Organisation: mlpack
Mentor: Omar Shrit
This year my proposal got selected under GSoC-2021 by mlpack. mlpack
is a fast, flexible and amazing C++ Machine Learning Library with awesome community. Over the years we have seen huge growth the application of ML. Doesn't matter for which application you are using ML, one thing that you will always need is Fast Data Loading.
The project revolves around reducing the binary footprint of mlpack by replacing the functionality of boost::spirits
to handle a more diverse range of data in mlpack. This project is a part of the bigger goal of removing boost dependencies. The project aims to implement a parser by taking inspiration from armadillo's parser. A major goal will be to re-implement mlpack’s custom CSV parser that is currently being utilized to handle non-numeric data.

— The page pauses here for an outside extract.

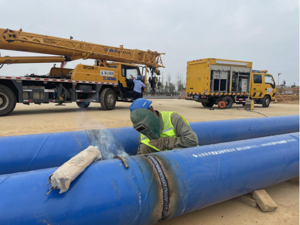 此次管線遷改共需對(duì)2條道路(復(fù)興大道、縱九路)4個(gè)路口共計(jì)1600余米的供水管線進(jìn)行遷改,該工程工期短、地下管線情況復(fù)雜,施工難度教高。為高效配合完成京港澳高速公路改擴(kuò)建工程,全力保障復(fù)興大道、縱九路及周邊企業(yè)、用戶正常用水,公司克服一切困難,對(duì)高速擴(kuò)建施工實(shí)施24小時(shí)全天候配合保障,并提前一個(gè)月組織專業(yè)技術(shù)人員多次進(jìn)行現(xiàn)場踏勘,細(xì)化管線施工連接點(diǎn)位置、停水時(shí)間、焊接點(diǎn)位和方式,制定周密管線遷改接水方案,為新舊管道連接敷設(shè)做好了充足準(zhǔn)備。

We were able to nearly acheive all the targets that were set in the proposal but there are many more things to do. We successfully implemented the parse for numeric data and also successfully removed boost::spirit
and adapted the parse for non-numeric data as well.
-
load_csv.hpp
as base for the parser- Declarations of all the fucntions used for parsing.
- Implementation of fucntions which are common to both types of parser.
-
load_numeric_csv.hpp
for numeric parser- Functions for loading numeric data.
-
load_categorical_csv.hpp
for cateforical data- Functions for loading categorical data using
DatasetMapper
.
- Functions for loading categorical data using
-
Implemented
FileTyp
in mlpack to replacearma::file_type
. -
Implemented a set of string algorithms.
trim()
trim_if()
-
Example on how to use
DatasetMapper
-
Adding
DatasetMapper
example to docs.
All of my work in wrapped in one PR only. You can have a look at the PR.
Go through the PR to follow the discussions. You can also jump to IRC. There are also mlpack IRC logs which Ryan has worked very hard to maintain so you can have a look there as well.
Best way to clear your querries? Ping me!!!. I would be more than happy to hear your views and clear any doubts that you have.
I will add more details about this soon.
I also logged my weekly progress and updates in form of blog. You can have a look here.
I will keep working on mlpack
since I have realized that the best way to learn in to contribute. There is still soo much to do with the data loading part in mlpack. Once this is merged into the master I will start working on restructing the load.hpp
. You can see more about it on my blog. I also have plans to work on creating a DataFrame
class for mlpack.
I would really like to thank mlpack
for this awesome summer. My mentor Omar Shrit guided me at each and every step of the way. Not only my mentor but the whole community was very helpful. Thank you Ryan, Marcus and everyone who were there for those aweomse discussions on IRC and weekly meetups.
At last I would like to thank Google for organising such an event and working towards the growth on open-source community.